From the sketch above we recognize that the tangency points can be described as the sums of vectors, i.e.,

$$ \overrightarrow{OT_1} = \overrightarrow{OC}+ \frac{a}{d}\,\overrightarrow{CP}+ \frac{b}{d}\,\overrightarrow{CP}',\qquad \overrightarrow{OT_2} = \overrightarrow{OC}+ \frac{a}{d}\,\overrightarrow{CP}- \frac{b}{d}\,\overrightarrow{CP}'$$

where the prime in $\overrightarrow{CP}'$ represents a 90⁰ anticlockwise rotation of the vector.

Because our task is now to determine $a/d$ and $b/d$, we observe that the triangles $CT_1C'$ and $CPT_1$ are similar so that, with the position $\rho=r/d$, we have

$$\frac{a}{r} = \frac{r}{d} \implies \frac{a}{d}=\left(\frac{r}{d}\right)^2 =\rho^2$$

and

$$\frac{b}{r} = \frac{R}{d} \implies \frac{b}{d}=\frac{rR}{d^2} =\rho\frac Rd$$

but $R=\sqrt{d^2-r^2}$ and eventually we can write

$$ \frac{b}{d}= \rho\sqrt{1-\rho^2}.$$

From the last relation we recognize 1) that a real solution requires $\rho\le1$ (i.e., $P$ is not inside the circle) and 2) that for $\rho=1$ the point $P$ is on the circumference and the tangency points degenerate into $P$.
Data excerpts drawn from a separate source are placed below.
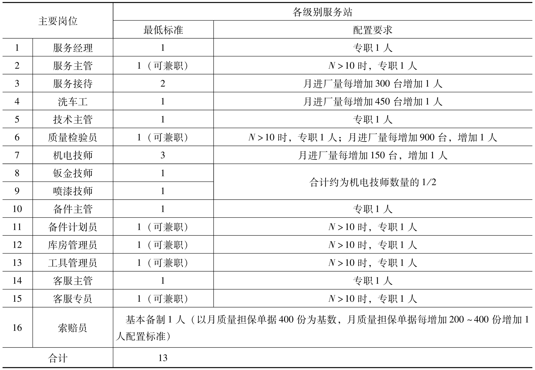 表2-2 北汽新能源服务站人员配置标准
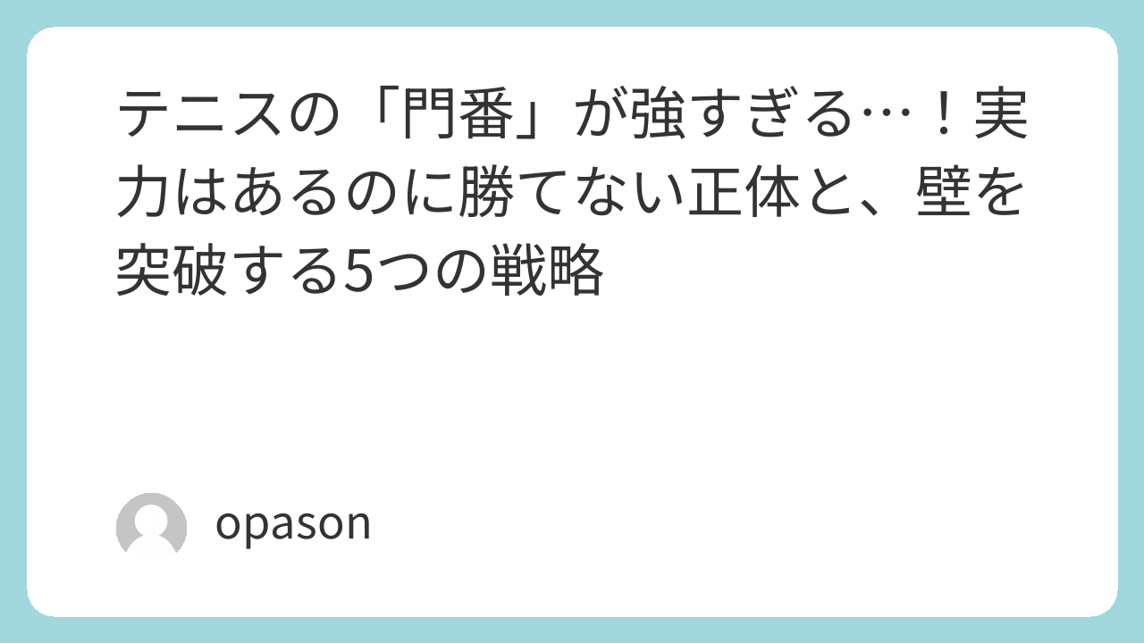 今、門番に苦しんでいるあなた。その壁は、あなたが上のステージで戦うための「最終試験」です。焦らず、一球一球を大切に、彼らのテニスを逆手に取る知略を楽しんでください。
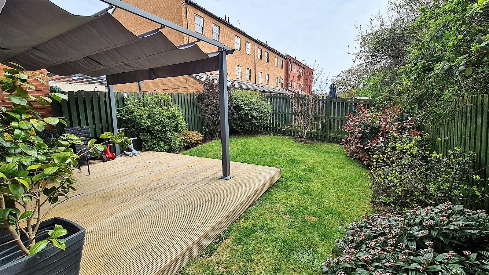 To the rear is a large decking area leading a mostly laid to lawn with a mixture of shrubs boarder all enclosed by timber fence surround.

The OP can now compute the tangency points, etc.

E.g., in Python 3 (that is as close to pseudo-code as it could possibly be...)

from math import sqrt
# Data Section, change as you need #
Cx, Cy = -2, -7                    #
r = 5                              #
Px, Py =  4, -3                    #
# ################################ #
dx, dy = Px-Cx, Py-Cy
dxr, dyr = -dy, dx
d = sqrt(dx**2+dy**2)
if d >= r :
    rho = r/d
    ad = rho**2
    bd = rho*sqrt(1-rho**2)
    T1x = Cx + ad*dx + bd*dxr
    T1y = Cy + ad*dy + bd*dyr
    T2x = Cx + ad*dx - bd*dxr
    T2y = Cy + ad*dy - bd*dyr

    print('The tangent points:')
    print('\tT1≡(%g,%g),  T2≡(%g,%g).'%(T1x, T1y, T2x, T2y))
    if (d/r-1) < 1E-8:
        print('P is on the circumference')
    else:
        print('The equations of the lines P-T1 and P-T2:')
        print('\t%+g·y%+g·x%+g = 0'%(T1x-Px, Py-T1y, T1y*Px-T1x*Py))
        print('\t%+g·y%+g·x%+g = 0'%(T2x-Px, Py-T2y, T2y*Px-T2x*Py))
else:
    print('''\
Point P≡(%g,%g) is inside the circle with centre C≡(%g,%g) and radius r=%g.
No tangent is possible...''' % (Px, Py, Cx, Cy, r))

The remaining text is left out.